Une défense de la classification française

Le Dr Christian Vasseur, président de l'Association française de psychiatrie, répondait à ces attaques dans "Le Quotidien du Médecin" du O6/06/02. On y lit notamment :

"1) Loin de s'inscrire dans une opposition à la classification internationale (CIM 10), les auteurs de la classification française ont mené leurs travaux en liaison étroite avec le centre collaborateur de l'OMS (...).
2) A l'occasion de la récente révision de la classification française, les correspondances avec la CIM 10 ont été améliorées : la catégorie « psychoses précoces » a reçu la dénomination conjointe « troubles envahissants du développement » utilisée par la classification internationale (...). Quant au diagnostic d'autisme, il se fonde sur des critères cliniques semblables à ceux de la CIM 10.
3) Les deux classifications établissent (...) une claire distinction entre les troubles qu'on vient de citer et ceux qui, dans une autre catégorie clinique, sont classés « dysharmonies évolutives » et « troubles de la personnalité » : la confusion dénoncée entre ces cadres est donc sans fondement.
4) Le recours aux psychothérapies et à la psychanalyse n'est en rien dépendant de la classification utilisée : l'usage de la CIM 10 ne le fait pas exclure.

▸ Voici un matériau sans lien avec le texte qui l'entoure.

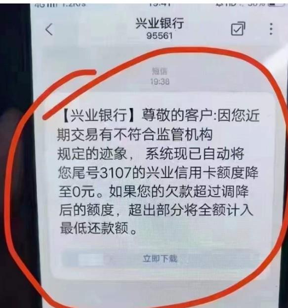 興業(yè)銀行,近期交易有不符合監(jiān)管機構(gòu)規(guī)定的跡象,系統(tǒng)自動將信用卡額度降至0元。

Ajoutons à ce propos que l'intérêt porté par les parents aux composantes neurologiques et aux handicaps est légitime, les pédopsychiatres français ont appris à les prendre en compte, mais ils savent aussi reconnaître que l'enfant autiste est atteint dans son humanité et traversé parfois par des souffrances indicibles ; il importe d'intervenir, sous cet angle, par des actions de soins d'orientation psychothérapique. Celles-ci trouvent d'ordinaire place dans des approches multidimensionnelles incluant l'éducation, la pédagogie, l'aide à l'environnement, les médicaments si nécessaire (...)."